By 2026, success will be defined through consumption-based SLA metrics that tie infrastructure behavior directly to value, such as:

  • Time to clean restore after a cyber event
  • GPU utilization per dollar of storage spend
  • Energy consumed per terabyte retained

These metrics move the conversation from “how fast” to “how effectively.” They quantify what really matters: resilience, efficiency, and cost transparency.

To stay relevant, storage vendors will need to embed telemetry, observability, and automated reporting into the fabric of their platforms so that these measurements can be captured and verified natively.

By 2026, storage will be judged not by peak speed, but by how intelligently it converts performance into provable results.

And as measurement becomes the new mandate, one principle will define the leaders: the ability to move data freely, securely, and on their own terms.

6. Data freedom will become a legal and competitive requirement

The EU Data Act is poised to make data freedom a legal and operational requirement, forcing enterprises to rethink how they manage and move information.

That shift will end the era of vendor-defined silos. Enterprises will demand open data contracts, interoperable APIs, and standardized metadata semantics to move information seamlessly across hyperscale, on-premises, and sovereign environments.

Storage platforms will have to evolve fast to connect ecosystems without compromising compliance. Next-generation architectures will build in native replication, policy-based data movement, and cross-cloud federation by design.

Underneath it all lies a new architectural requirement: a global namespace that preserves object identity and context wherever data resides. Version control, unified metadata, and lifecycle automation will act as safeguards against “data drift,” maintaining integrity as data travels.

By the end of 2026, the benchmark of leadership in cloud storage will be proof of data freedom — the ability to move, share, and integrate data anywhere, without rewriting applications or surrendering control.

But as freedom and interoperability expand, so will scrutiny.

7. Cyber resilience will become a regulated, auditable standard of trust

By 2026, cyber resilience will become a verifiable condition for doing business. New regulations like the SEC cybersecurity rules and the EU’s NIS2 directive will require organizations to prove recoverability, not just report incidents.

At the same time, cyber insurers will tighten underwriting, embedding technical audits that demand evidence storage and recovery controls actually work.

Storage infrastructure will sit at the center of this new accountability model. To stay compliant and insurable, enterprises will adopt immutable storage by default, cryptographically verifiable retention, and automated recovery validation. Features like object lock, versioning, and tamper-proof logs will move from “nice-to-have” to mandatory proof of data integrity.

As insurers codify resilience benchmarks, architectures will converge around verifiable resilience — immutable object stores for long-term protection, fast recovery tiers for business continuity, and audit-ready metadata for claims validation.

In 2026, cyber resilience will determine who gets insured, who stays compliant, and who customers ultimately trust.

Why accountability is the unifying force across 2026 data infrastructure trends

Across every prediction runs a shared theme: accountability, the defining principle of next-generation AI-ready data infrastructure.

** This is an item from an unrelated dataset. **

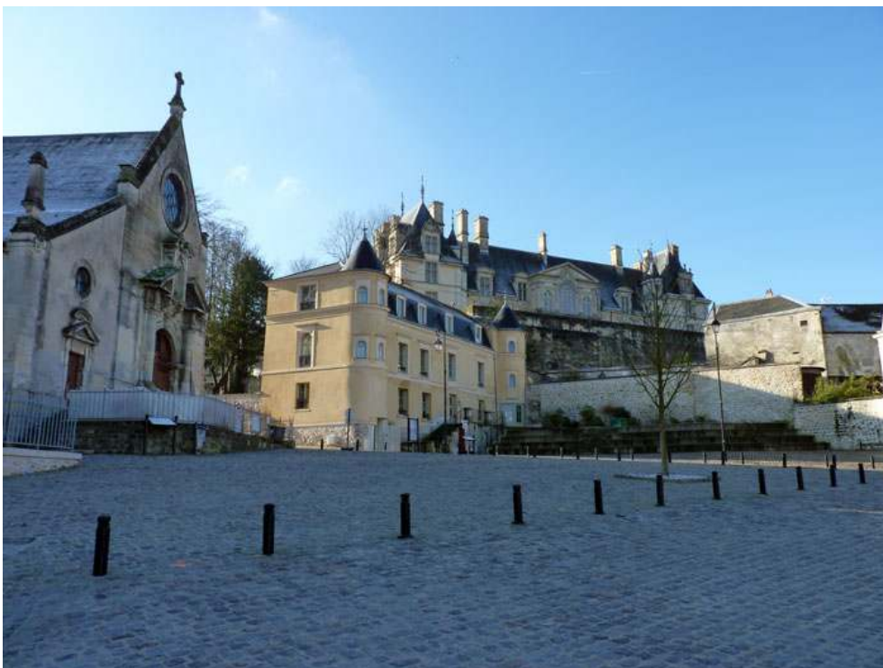
Figure 4 : Mise en valeur du patrimoine du centre ancien à Écouen

© Simon Labussière et Eugènia Viana, 8 février 2013

Whether through token economics, data pipelines, or verifiable cyber resilience audits, 2026 will reward organizations that can prove the integrity, efficiency, and trustworthiness of their data operations.Storage may have started as the silent partner in infrastructure, but as AI, compliance, and cyber risk reshape the enterprise, it’s becoming the new control point for enterprise trust and efficiency. In 2026, accountability will be the defining metric of progress, and storage will be where it’s measured.